Travel often presents a higher risk of encountering bed bug infections. This is true for local, national, and international travel. There are a several reasons why traveling increases the chances of encountering bed bugs, these include:

  • High Hotel Turnover- Hotels are hot spots for bed bug activity due to the constant influx of travelers. The high levels of human traffic provide ample opportunities for bed bugs hitch a ride in luggage or on clothing, allowing them to spread to new environments.
  • Shared Accommodations – The close proximity of those guests in hotels, hostels and other public lodgings makes it easier for bed bugs to find new hosts and spread to new locations.
  • Public Transportation – Bed bugs are often found on trains, buses and airplanes as well as depots, waiting rooms, and lounges. They’ll hide in seats, upholstery, and luggage compartments, potentially infesting your belongings.

Recognizing the Signs of Bed Bug Infestations

Whenever your traveling, whether at home or abroad, it’s important to know how to recognize the signs of bed bug infestations. It’s the first step to avoiding these pests and minimizing the risk of bringing them home with you.

The most common signs of bed bug activity include:

  • Dark brown or black fecal stains on sheets and mattresses.
  • A musty or sweet odor which often accompanies a large infestation.
  • Reddish-brown bugs in mattress seams, along crevices or around bed frames and headboards.
  • Itchy or irritated bite marks on exposed skin. Bed bug bites will often appear in linear or clustered patterns, and will be flat and inflamed.

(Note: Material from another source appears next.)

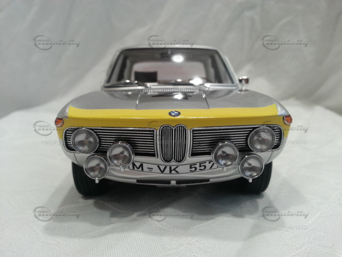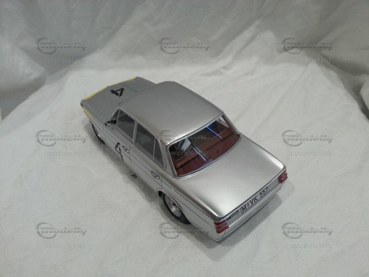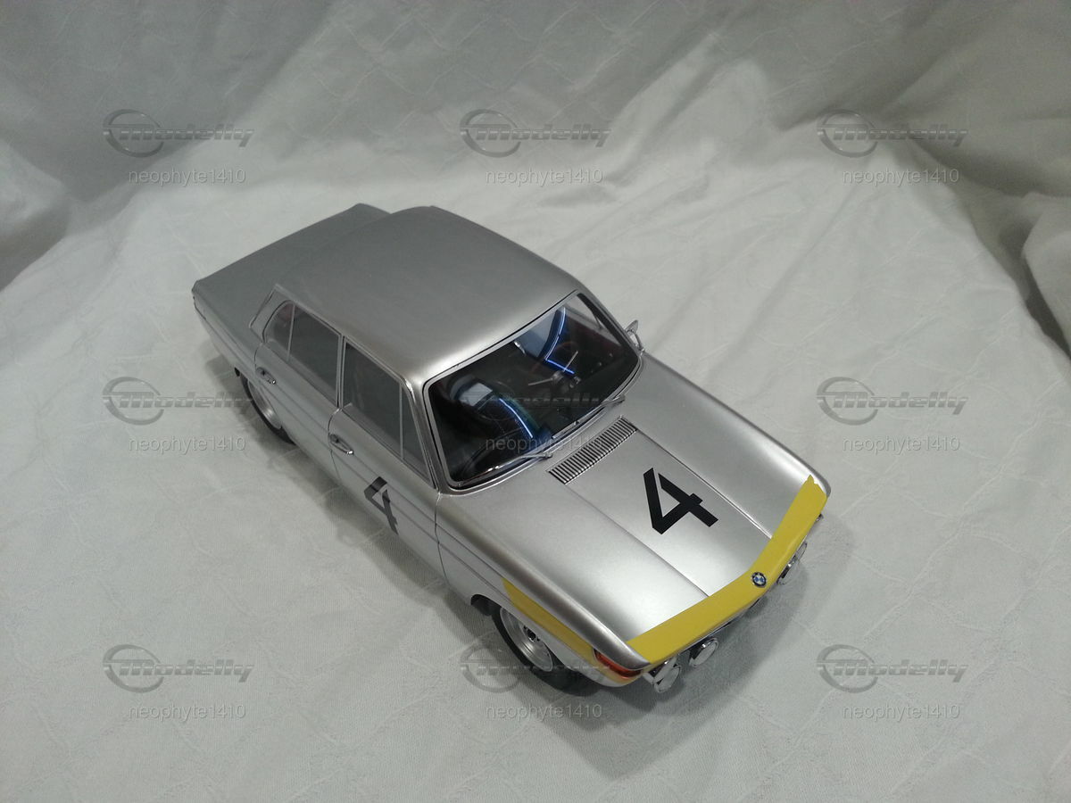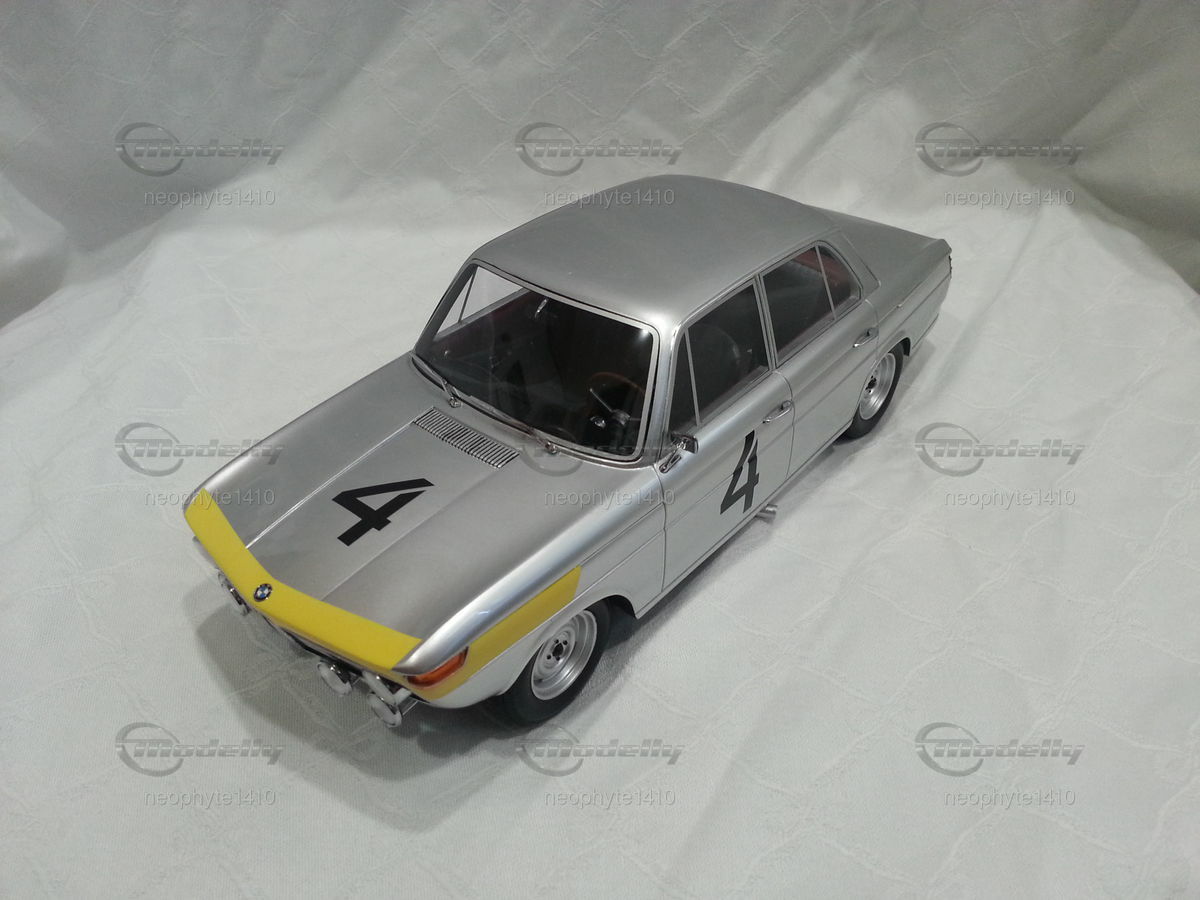 The design of the BMW 1800 TI was simple and functional yet elegant. The model featured in the photos from the collection of "neophyte1410" on Modelly showcases the typical livery of the Spa-Francorchamps 1965 winning car. The silver base color with yellow accents on the front fenders and hood stands out. This color scheme emphasizes the classic lines and aerodynamic shape of the car. Numerous sponsor logos, including prominent stickers from Castrol and Bosch, adorn the bodywork, adding realism to the model.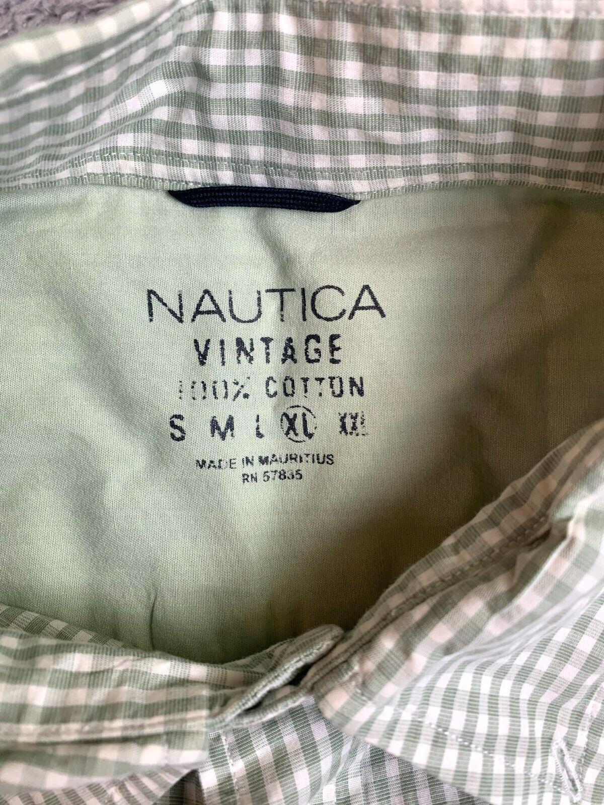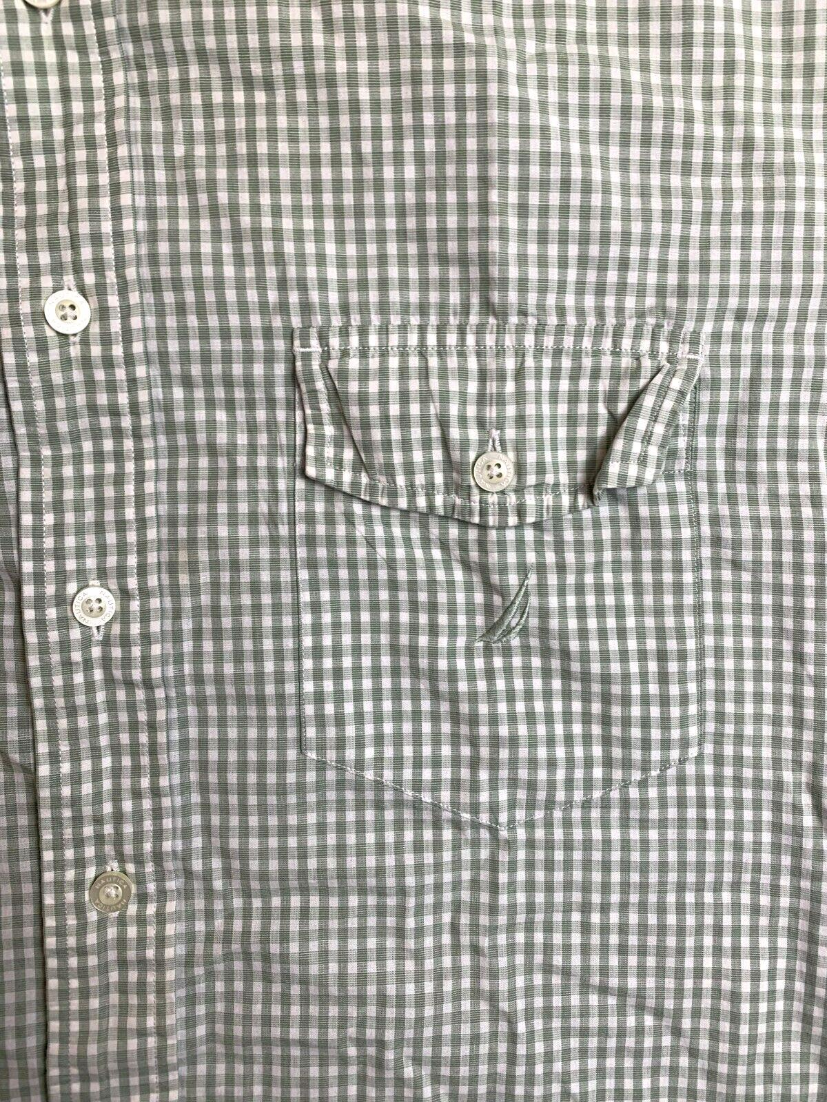 Nautica Shirt Adult Extra Large Green White Grid Checkered Button Up Casual Mens

How to Prevent Bed Bug Exposure when Traveling

Prevention is the key to reducing the risk of bed bug encounters whenever, and wherever, you travel. The following tips can help you minimize your risk of picking up bed bugs while traveling at home or abroad:

  • Research Your Accommodations – When booking your hotel check online reviews for reports of bed bug infestations. Call the hotel or hostel directly to check on past infestations and their current pest control regimen.
  • Inspect Your Rooms – When you arrive at your hotel thoroughly inspect your rooms for signs of bed bug activity. Pay close attention to the mattress, headboard, and nearby furniture. If you see any signs of bed bugs immediately request a different room, preferably at the opposite end of the hotel complex. If management won’t accommodate your request cancel your booking and move to new lodgings.
  • Keep Luggage Elevated – Store bags on luggage racks or elevated surfaces, away from walls and furniture, to reduce the risk of bed bugs migrating into your belongings.
  • Use Luggage Protectors – Invest in luggage protectors or liners to prevent bed bugs from hitchhiking in your bags.

Bringing Bed Bugs Home

One of the biggest concerns when traveling abroad is the possibility of inadvertently bring home bed bugs. The following tips can help you avoid a potential home infestation:

  • Recheck Your Luggage – When you return from your trip inspect your luggage and clothing for any signs of bed bugs.
  • Isolate Items – If possible keep your luggage and other belongings isolated from the rest of your home. Unpack and inspect everything in your garage or laundry room.
  • Wash Clothing – After your trip immediately launder all of your clothes, even those that haven’t been worn. Wash everything in hot water and dry at the highest possible setting. This should eliminate any stray bed bugs or bed bug eggs you may have picked up on your travels.
  • Remain Vigilant – Monitor your home for several weeks after returning from your trip to ensure you haven’t brought any bed bugs home with you.

Keep Your Travels Trouble Free

The recent bed bug invasion of France highlights the ease with which these pests can spread throughout cities, states and even countries. Wherever your travels take you it is important to protect yourself and your family from these blood-sucking pests. Be vigilant in your travels and make sure your home remains free from bed bug infestations.